### Directions for this task
Within the records below, find the line with "关键词:花纹,生长,婚礼,婚" and the line with "Perfekt for bruk", then reproduce exactly those two lines and all lines between them, without any picture.

### Data records
◇ ◇ ◇ ◇ ◇

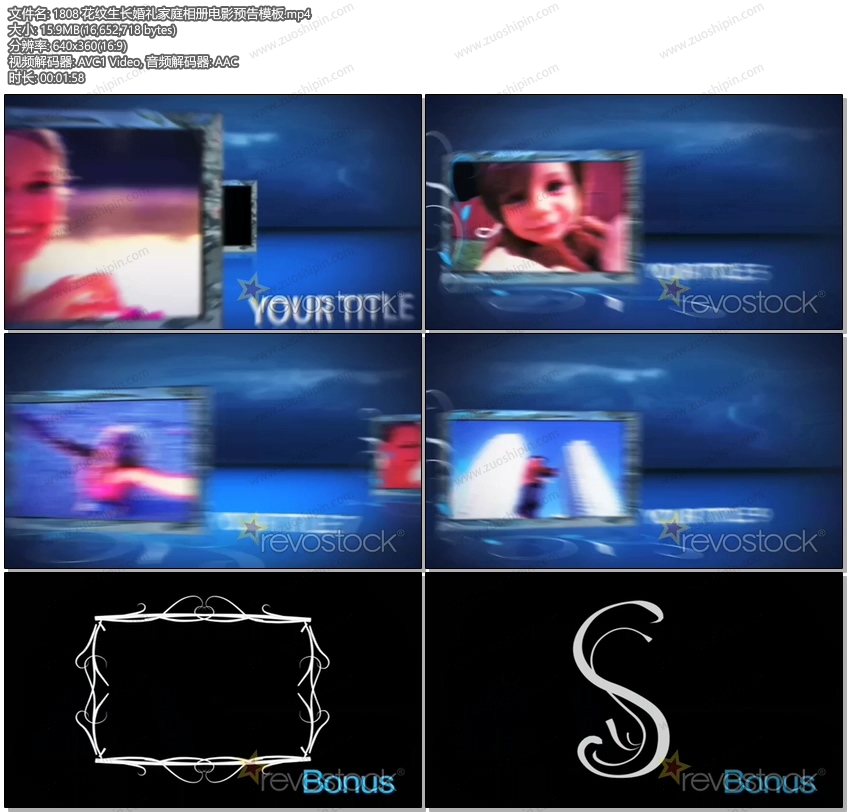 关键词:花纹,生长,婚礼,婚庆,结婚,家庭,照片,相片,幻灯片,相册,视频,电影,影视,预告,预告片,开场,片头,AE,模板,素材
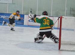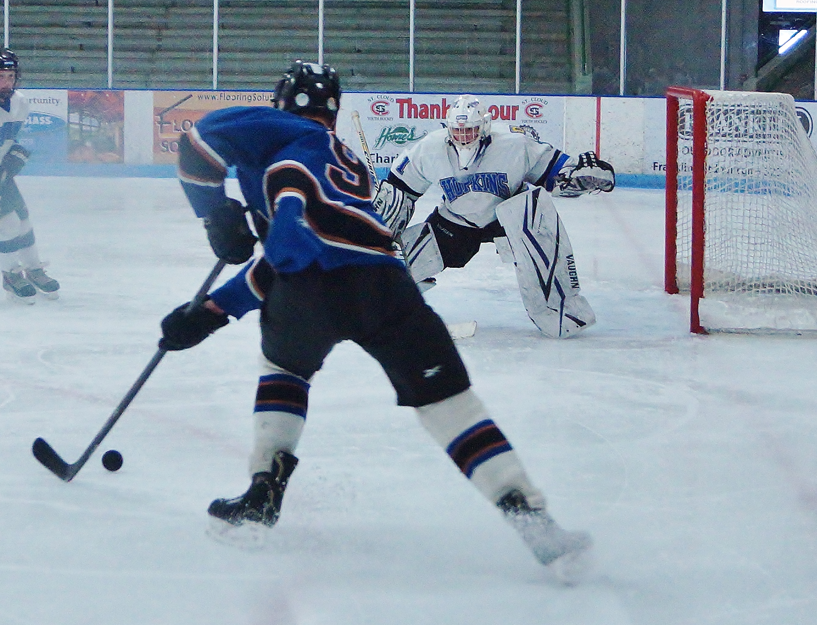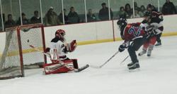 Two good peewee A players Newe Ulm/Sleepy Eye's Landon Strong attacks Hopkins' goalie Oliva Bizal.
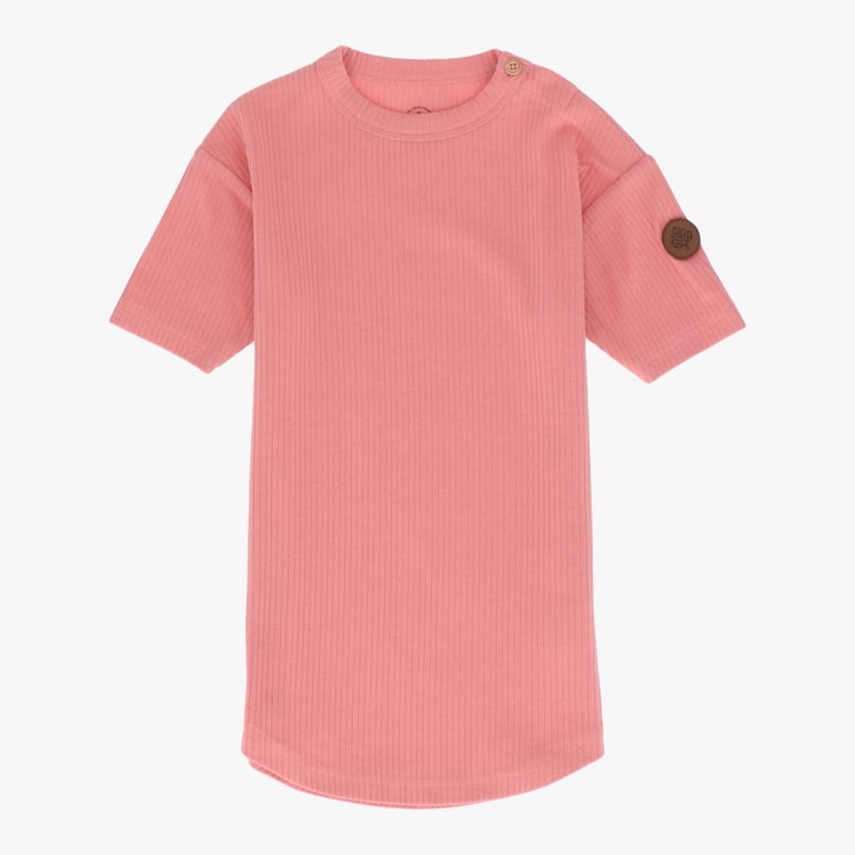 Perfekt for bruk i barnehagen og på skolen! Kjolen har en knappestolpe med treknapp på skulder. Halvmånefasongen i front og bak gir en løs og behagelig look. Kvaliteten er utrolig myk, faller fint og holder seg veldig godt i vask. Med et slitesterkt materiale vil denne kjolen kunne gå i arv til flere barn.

◇ ◇ ◇ ◇ ◇

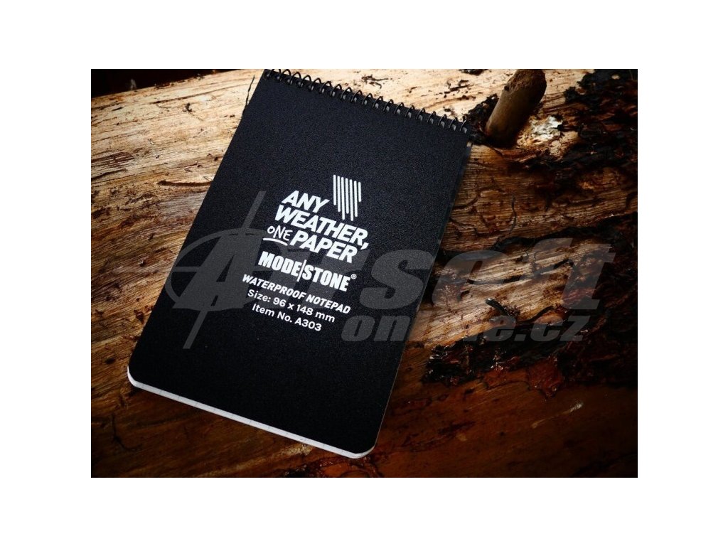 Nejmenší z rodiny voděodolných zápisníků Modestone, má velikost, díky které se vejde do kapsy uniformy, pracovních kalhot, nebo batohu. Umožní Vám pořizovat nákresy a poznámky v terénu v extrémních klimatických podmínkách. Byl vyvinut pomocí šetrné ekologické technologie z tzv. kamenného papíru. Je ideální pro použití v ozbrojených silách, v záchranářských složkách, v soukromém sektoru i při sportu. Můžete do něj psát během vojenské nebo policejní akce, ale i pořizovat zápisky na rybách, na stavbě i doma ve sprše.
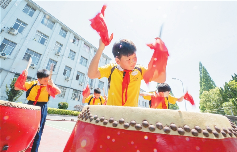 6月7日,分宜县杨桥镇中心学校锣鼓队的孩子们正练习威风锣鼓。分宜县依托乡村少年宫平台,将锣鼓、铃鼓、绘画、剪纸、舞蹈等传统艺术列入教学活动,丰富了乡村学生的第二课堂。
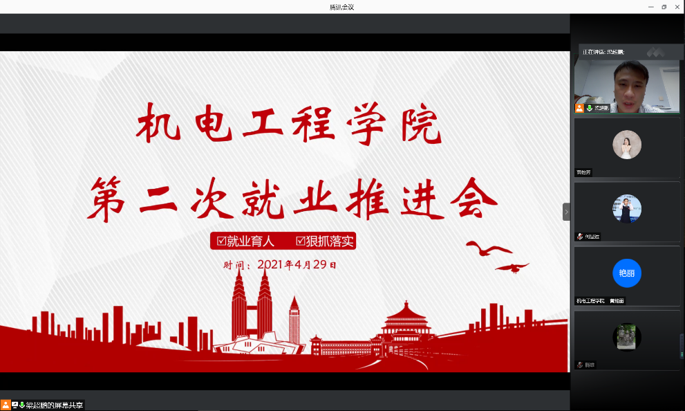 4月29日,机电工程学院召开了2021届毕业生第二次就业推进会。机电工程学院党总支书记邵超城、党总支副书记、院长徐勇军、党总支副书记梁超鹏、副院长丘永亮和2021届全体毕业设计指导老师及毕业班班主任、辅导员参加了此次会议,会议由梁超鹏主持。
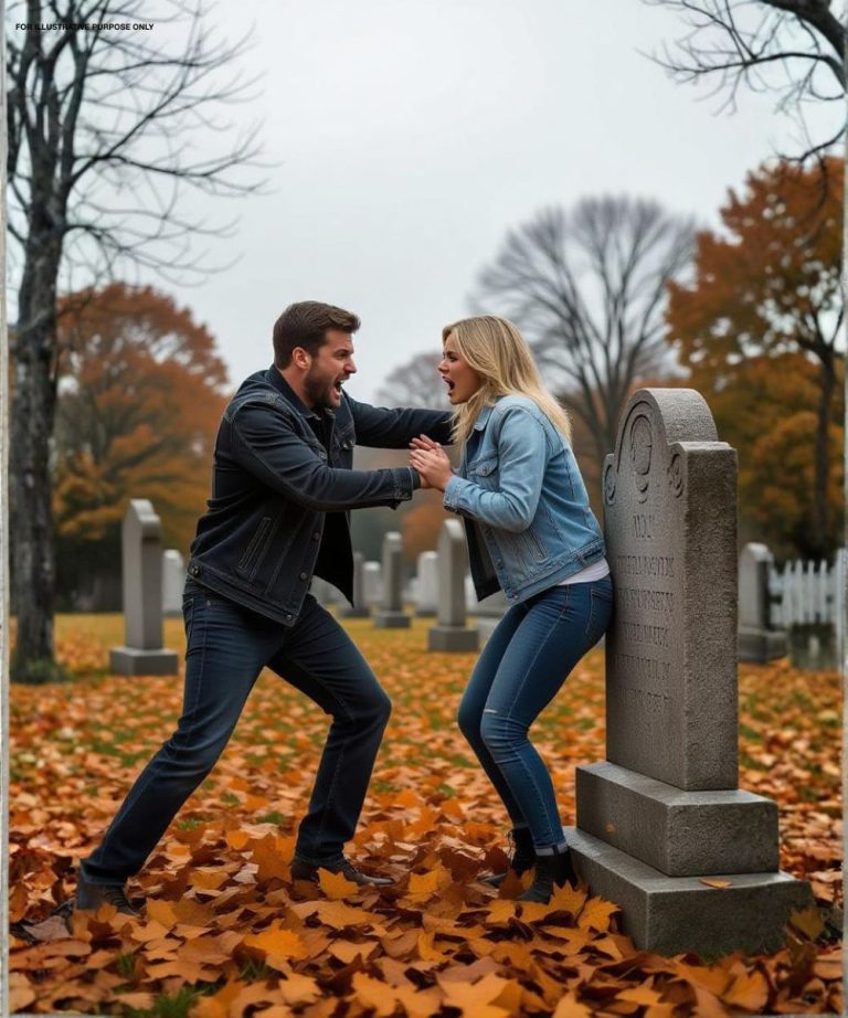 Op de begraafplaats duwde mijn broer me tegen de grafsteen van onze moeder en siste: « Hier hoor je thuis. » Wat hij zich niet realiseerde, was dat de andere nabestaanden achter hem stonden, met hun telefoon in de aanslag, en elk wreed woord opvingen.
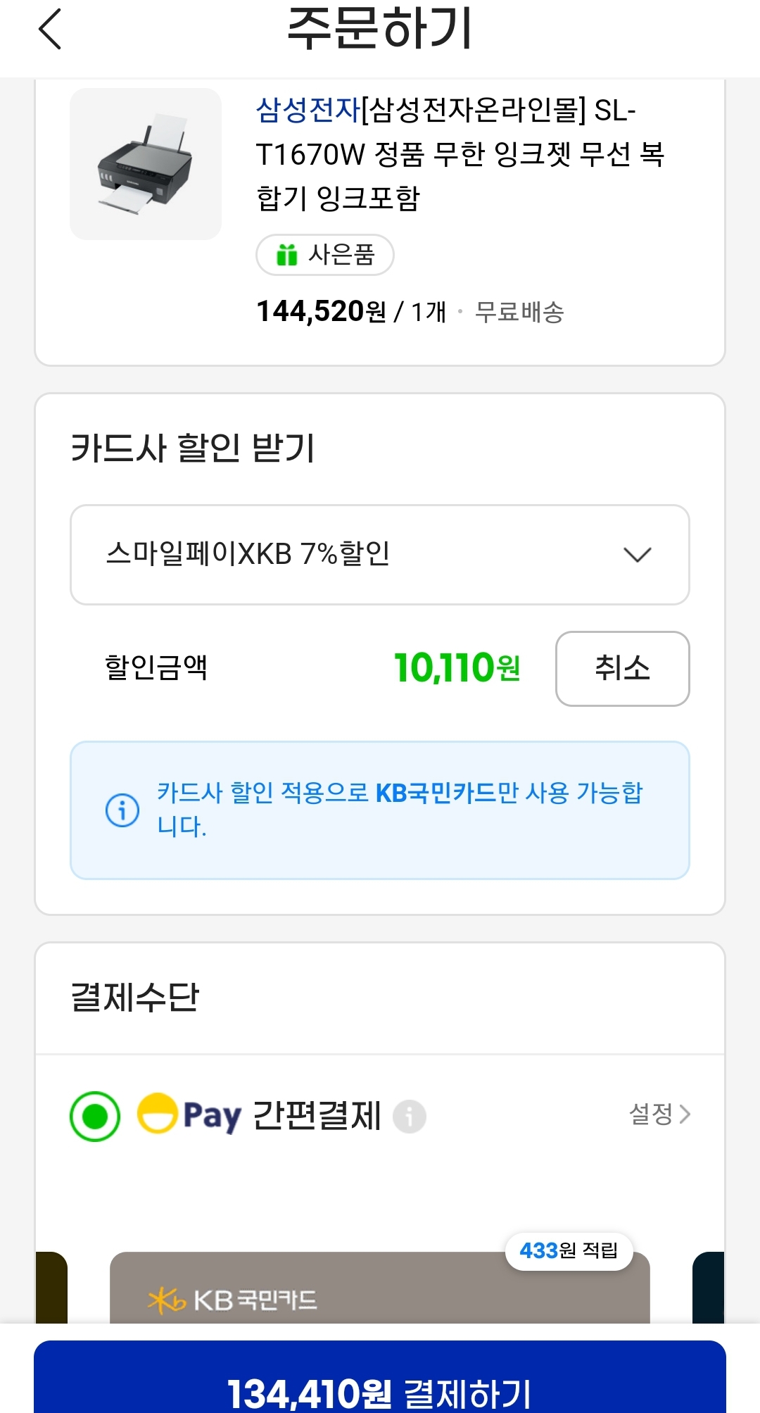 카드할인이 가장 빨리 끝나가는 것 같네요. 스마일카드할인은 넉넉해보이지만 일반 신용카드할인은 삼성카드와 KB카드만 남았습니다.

◇ ◇ ◇ ◇ ◇

### Solved problem
 关键词:花纹,生长,婚礼,婚庆,结婚,家庭,照片,相片,幻灯片,相册,视频,电影,影视,预告,预告片,开场,片头,AE,模板,素材
 Two good peewee A players Newe Ulm/Sleepy Eye's Landon Strong attacks Hopkins' goalie Oliva Bizal.
 Perfekt for bruk i barnehagen og på skolen! Kjolen har en knappestolpe med treknapp på skulder. Halvmånefasongen i front og bak gir en løs og behagelig look. Kvaliteten er utrolig myk, faller fint og holder seg veldig godt i vask. Med et slitesterkt materiale vil denne kjolen kunne gå i arv til flere barn.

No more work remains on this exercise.